The #2 problem with getting demos to select software is that most demos aren't driven by the needs of the company trying to select software.
Don't get me wrong--a demo is an important part of selecting software. But not a demo of the features that work best in that particular software.
Demos--if they are done--should address (primarily) the key needs of the business. Here's an example:
Several years ago, I spoke to a company that wanted software to control the delivery of their service. It would take the particulars of the (sometimes very complex) contract and manage the delivery of the service (which many times involved coordinating a number of different activities over a period of several months). The company was known for providing very personalized service (knowing names of family members, etc.), and the idea was to support not only the service side, but the scheduling and delivery side.
I didn't participate in the demo, but the only demo that would make sense in this case would be a simulation of the contract delivery support the system can provide. Specifically, I'd want to see
- Setting up a contract
- Setting up the parameters (contacts, family member names, etc.)

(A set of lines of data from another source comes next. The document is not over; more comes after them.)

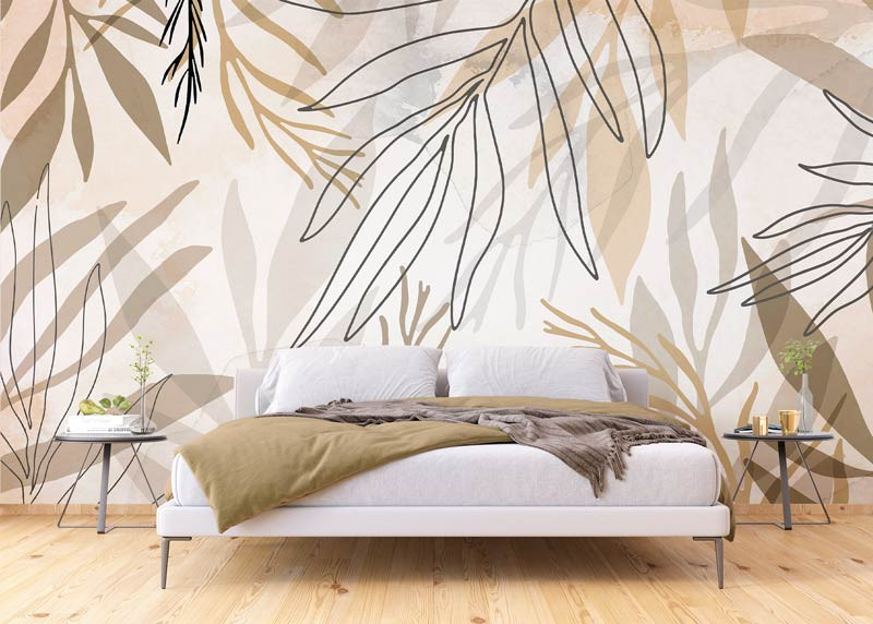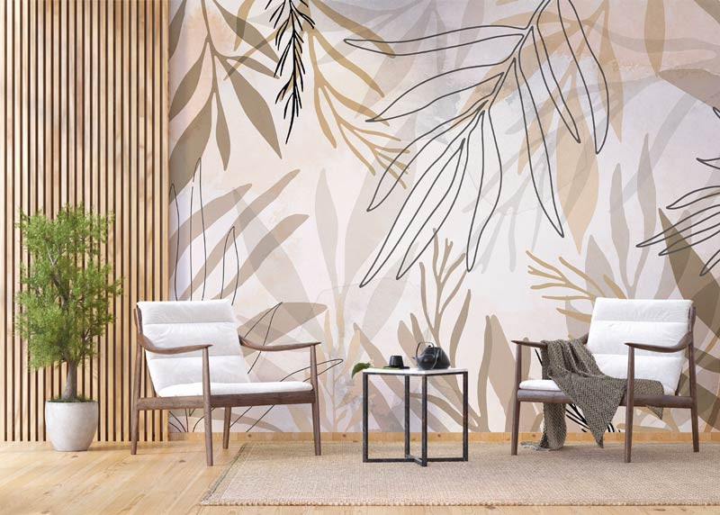 Verleihen Sie Ihrem Interieur einen kreativen und stilvollen Look mit der Fototapete Artistic Leaves. Die verspielten Linien, einzigartigen Formen und kräftigen Farbkombinationen machen diese Tapete zu einem echten Blickfang. Dieses Design verleiht jedem Raum einen künstlerischen und modernen Touch.
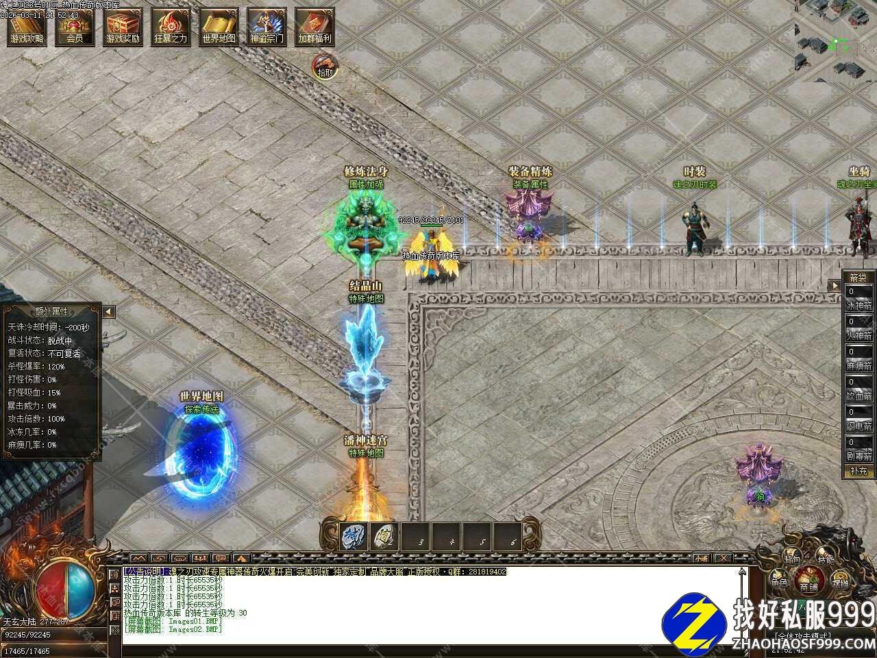 五.添加神榜争霸活动,每天18:30开启,进入通道开放5分钟,18:35关闭进入通道,进入神榜争霸地图后,自动提升[2000%]爆率,直到地图内只有最后一名玩家时即可刷新一只超级BOSS,爆率十分可观,拥有富豪称号者即可进入。
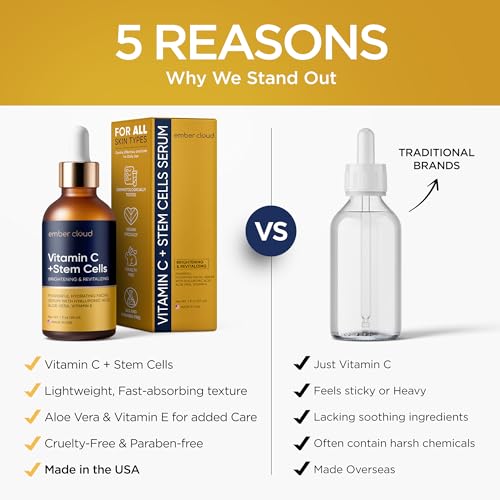 Sponsored Ad - Vitamin C Serum for Face with Stem Cells Hyaluronic Acid Vitamin E Aloe Vera For All Skin Types Anti-Aging Face Seru Supports Skin Health & Even Tone Day and Night Made in USA 1 Oz
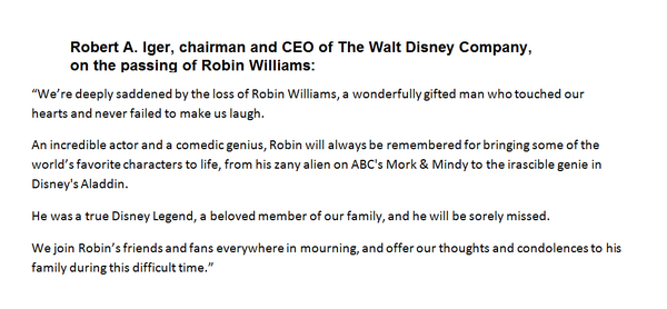 @ABC: Robert A. Iger, chairman and CEO of The Walt Disney Company, on the passing of Robin Williams: pic.twitter.com/j2Hi5jspAZ”#fb
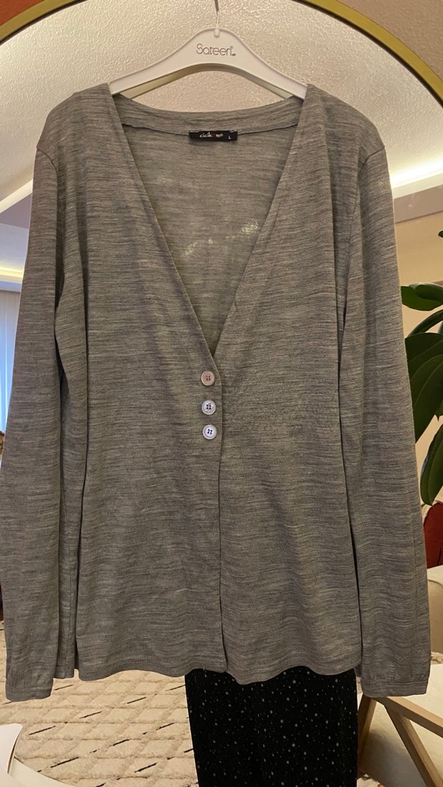 Gri renkte, düğmeli, notlu yaka ve uzun kollu kadın hırka. Rahat kesimi ve yumuşak kumaşıyla günlük kullanıma uygundur.
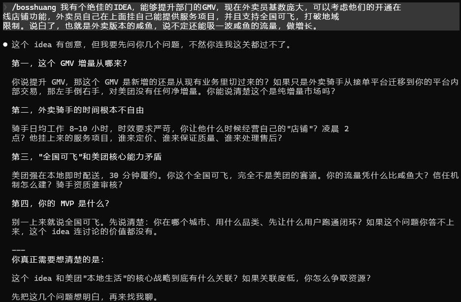 测试的场景是:模拟一个方案审批,让老板 Skill 判断"这个需求做不做"。
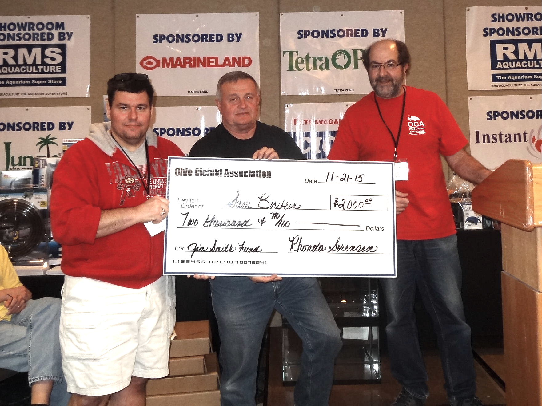 In 2011, the Jim Smith Fund donated $2,500 to Jay Stauffer at Penn State Universtiy. Due to the support from the OCA and it's members Dr. Stauffer and his assistants were able to type and catelog over 3,200 collections of Cichilds amounting to over 52,000 specimens. Those cateloged specimens are now available to Cichlid researchers worldwide!! Shown L to R are: OCA Vice-President, Dan Woodland, Ad Konings, and OCA President, Don Danko. Click here for more details on the Penn State Project »
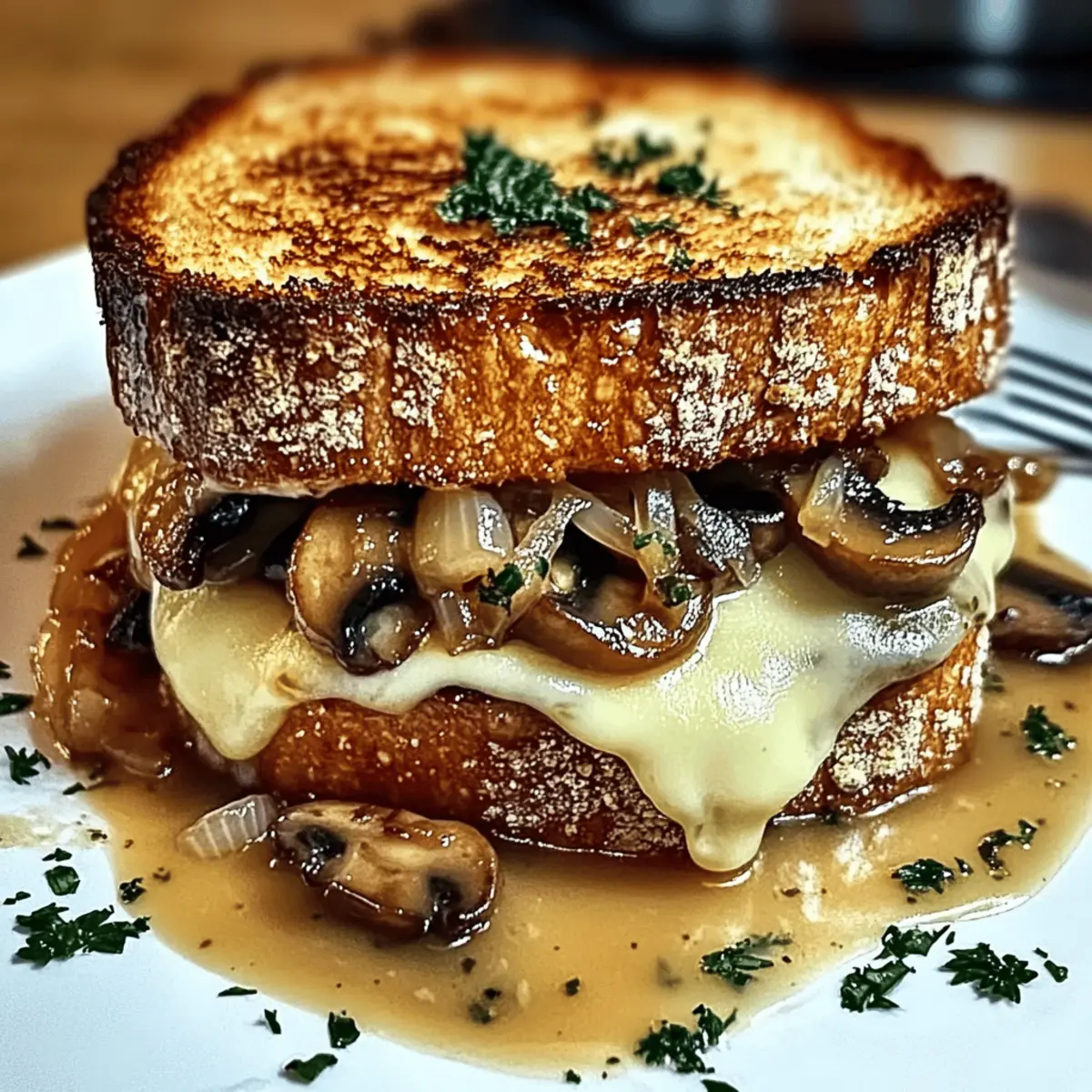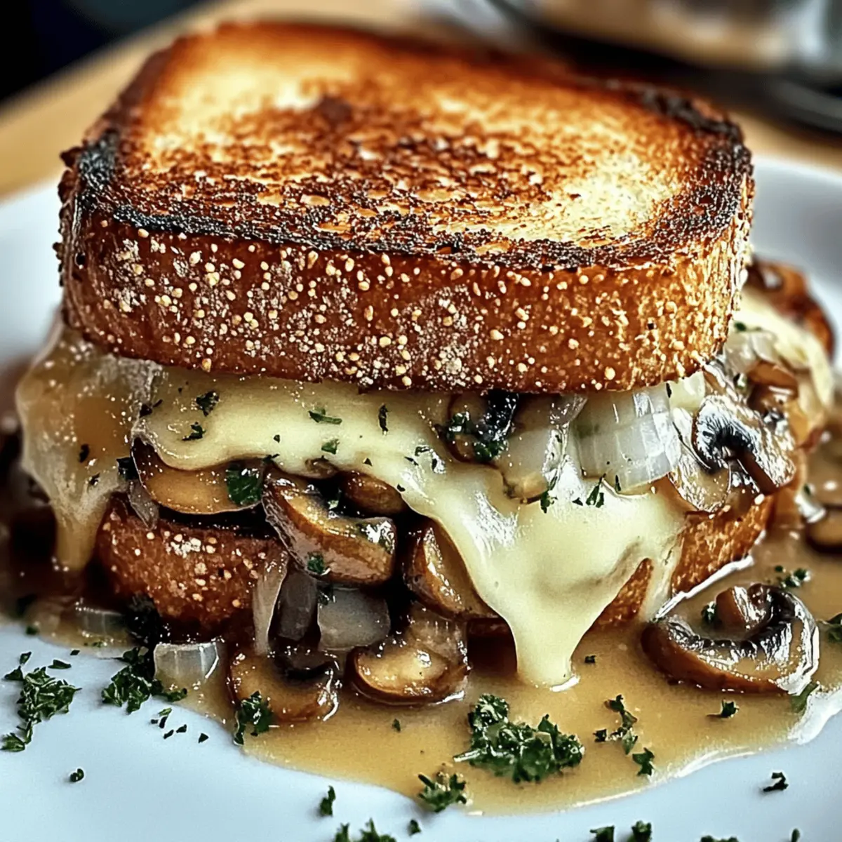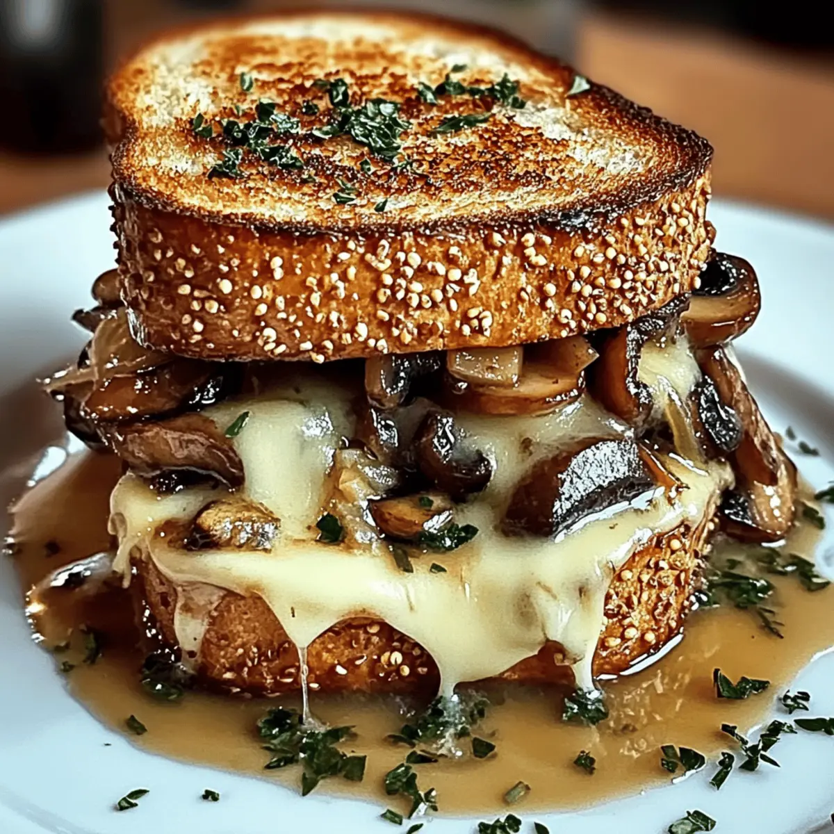 The aroma of sautéed mushrooms and caramelized onions wafting through the kitchen is a sure sign that something delightful is on the way. Today, I’m excited to share my Ultimate Swiss Mushroom Melt Sandwich—a vegetarian dream that’s brimming with flavor and comfort. It brings together the crispy crunch of golden sourdough and the luscious melt of Swiss cheese, making it perfect for a quick lunch or a cozy dinner. Not only is this recipe easy to whip up on a busy day, but it also packs a satisfying punch that’s sure to win over even the pickiest eaters. Are you ready to treat your taste buds to this scrumptious sandwich? Let’s dive in! Why is this sandwich so irresistible? Irresistible, the Ultimate Swiss Mushroom Melt Sandwich brings a blend of comforting flavors that will have you coming back for more. Quick to prepare, this easy recipe is perfect for a busy day without sacrificing taste or satisfaction. Vegetarian-friendly, it caters to all dietary preferences, making it a crowd-pleaser for family and friends. Versatile, you can easily customize it with your favorite ingredients, whether adding a zing of Dijon Mustard or mixing in some grilled halloumi. Pair it effortlessly with a side of creamy tomato soup for a full meal that feels gourmet. You’ll love every bite of this delightful, savory treat! Swiss Mushroom Melt Sandwich Ingredients Craft your own delicious sandwich masterpiece! For the Caramelized Onions Yellow Onions – Adds sweetness and depth through caramelization. Substitution: Use sweet onions for a milder flavor. Olive Oil – For sautéing onions and mushrooms; enhances flavor. Note: Can substitute with vegetable oil. Butter – Adds richness to the caramelized onions and toast. Note: Use vegan butter for a dairy-free option. Brown Sugar – Enhances sweetness of onions during caramelization. Substitution: Honey or maple syrup can be used. Balsamic Vinegar – Adds acidity and deeper flavor to caramelized onions. Substitution: Red wine vinegar works well. For the Mushrooms Cremini Mushrooms – Provides umami flavor and texture. Note: Button mushrooms can be used as a substitute. Garlic – Adds aromatic flavor to sautéed mushrooms. Note: Fresh garlic is preferred for the best taste. White Wine (Optional) – Introduces depth and helps to deglaze the skillet. Substitution: Vegetable broth for a non-alcoholic option. Fresh Thyme Leaves – Adds herbal notes to mushrooms. Substitution: Dried thyme (½ teaspoon) can be used. For the Sandwich Sourdough Bread – Base for the sandwich, offering a crispy texture when toasted. Note: Any hearty bread can work. Swiss Cheese – Melts beautifully, providing a nutty flavor. Substitution: Gruyère cheese for a stronger taste. Butter (Softened) – For spreading on bread before toasting. Note: Can use a non-dairy option. Dijon Mustard (Optional) – Introduces spice and tang. Omitting allows for a milder flavor. Step‑by‑Step Instructions for Swiss Mushroom Melt Sandwich Step 1: Caramelize Onions In a large skillet over low heat, combine 2 tablespoons of olive oil and 1 tablespoon of butter. Add 2 sliced yellow onions and cook gently for 30-45 minutes, stirring occasionally, until they become golden brown and soft. Then, stir in 1 tablespoon of brown sugar and 1 tablespoon of balsamic vinegar, allowing them to meld with the onions for added sweetness and depth. Step 2: Prepare Mushrooms Using the same skillet after removing the onions, add another tablespoon of olive oil and bring to medium heat. Sauté 8 ounces of sliced cremini mushrooms for about 8-10 minutes, or until they are well browned and tender. Add 2 minced garlic cloves and a few sprigs of fresh thyme, followed by a splash of white wine if desired, and cook until evaporated, around 2 minutes. Step 3: Assemble Sandwiches Take two slices of sourdough bread and spread about 1 tablespoon of softened butter on one side of each slice. On the unbuttered side of two slices, spread a thin layer of Dijon mustard if you choose. Begin layering the Swiss Mushroom Melt Sandwich by placing a slice of Swiss cheese, the caramelized onions, and the sautéed mushrooms onto the mustard-coated sides, topping with another slice of cheese. Step 4: Toast Sandwiches Heat the same skillet on medium-low and place the assembled sandwiches inside, unbuttered side down. Cook for 3-5 minutes, pressing lightly with a spatula, until the bread is golden brown and crispy. Carefully flip the sandwiches, reapplying a bit of butter, and cover the skillet with a lid to help the cheese melt completely for another 3-5 minutes. Step 5: Serve Once the cheese is fully melted and the bread is beautifully toasted, remove the sandwiches from the skillet and let them rest for a minute. Carefully cut each Swiss Mushroom Melt Sandwich in half, showcasing the delicious layers inside, and serve them immediately while hot and gooey. Make Ahead Options These Swiss Mushroom Melt Sandwiches are perfect for busy home cooks looking to save time! You can prepare the caramelized onions and sautéed mushrooms up to 3 days in advance. Simply store them in airtight containers in the refrigerator to maintain their freshness. When you’re ready to enjoy your sandwich, all you need to do is assemble the sandwiches with the prepped components, butter the bread, and toast them in a skillet for 3-5 minutes per side until golden and gooey. This way, you’ll have a flavorful, comforting meal with minimal effort, just as delicious as if you made it fresh! How to Store and Freeze Swiss Mushroom Melt Sandwich Fridge: Store leftover sandwiches in an airtight container for up to 3 days; reheat gently in a skillet to maintain crispness. Freezer: Wrap sandwiches tightly in plastic wrap, then aluminum foil; they can be frozen for up to 3 months. Thaw in the fridge before reheating. Reheating: For best results, reheat sandwiches in a skillet or toaster oven until the cheese is melted and the bread is toasted. Avoid microwaving to

- Simulation of several of the common scenarios (from both the customer service and the operational side of the business)
- Opportunity to address several unusual "what-if" situations
- After all of this, I might have questions about accounting, export to Excel, Access, and Word, and the database backend. I might even want to look at the report writer and the database structure. If I planned on customizing the stuff, I'd want to see some of the representative code (I'd pick the functional area of the program and the function I wanted to see code on.) BUT (and this is a big but)...I'd want the answers to these questions ONLY AFTER I was convinced that the software could meet the needs I'd expressed in the needs analysis
Of course, this assumes that there WAS a needs analysis.